Federico Garcia Lorca was a Spanish poet and playwright, whose passionate works resonate with the soul of Spain. His profound explorations of love, death, and identity are timeless, capturing the human experience with raw emotion. Tragically executed in 1936, Lorca's legacy endures. Discover how his words still echo through the ages, inviting reflection on the essence of our own lives.
Kathy Hawkins
Kathy Hawkins

Federico Garcia Lorca is a well-known Spanish poet and playwright who lived from 1895 to 1936. He was born to a wealthy family in a small town, Fuente Vaqueros, in Grenada, and became passionate about the creative arts from a young age. His first book, a collection of prose pieces called Impresiones y Paisajes, was published when Federico Garcia Lorca was only 20 years old.

The following year, Federico Garcia Lorca moved to Madrid and became deeply involved with the surrealist art movement. He became friends with artist Salvador Dali and filmmaker Luis Buñuel; over the years, historians have speculated that Lorca and Dali were lovers for a period of time.

Woman holding a book
Woman holding a book

During the 1920s, Federico Garcia Lorca published three highly acclaimed books of poetry and a successful play. His work was acclaimed for its surrealist imagery and beauty. One of his most well-known poems, ;Romance Sonambulo," was written during this period. Though Federico Garcia Lorca wrote in Spanish, his works have since been translated into many different languages.

From 1929 to 1930, Federico Garcia Lorca traveled to New York City to escape romantic problems in his personal life. There, he studied at Columbia University and wrote another book of poetry, Poeta en Nueva York, which primarily deals with the isolation of living in a foreign land.
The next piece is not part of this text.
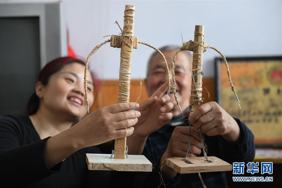井陉泥塑代表性传承人张成兵(右)和女儿展示泥塑的“骨架”(3月13日摄)。近年来,河北石家庄市级非遗井陉泥塑代表性传承人张成兵致力于创作《西游记》主题泥塑作品,目前已完成作品近百尊,以传统技艺再现经典形象。新华社发(陈其保 摄)

He also wrote two plays during his time in New York, which were very experimental.

On Federico Garcia Lorca's return to Spain in 1930, he accepted a position as director of a university theater company, for which he wrote, directed, and acted in plays. His troupe toured through some of Spain's most rural regions, helping to share reinterpretations of classic Spanish culture with all of its citizens. The company disbanded in 1936, however, when the Spanish Civil War began.

At that time, Federico Garcia Lorca returned to his hometown of Grenada, which was the most conservative part of Spain, though it is likely he knew that it was dangerous for him to be there. Immediately, he and his brother-in-law, a socialist mayor, were arrested. Because Federico Garcia Lorca was homosexual and politically liberal, he was considered an enemy of the nationalist movement, and was executed and thrown in an unmarked grave. The Spanish Civil War claimed more than 50,000 victims by execution, but Federico Garcia Lorca is probably the most famous of those murdered in the movement. Today, he is seen as a martyr figure in much of Spanish society.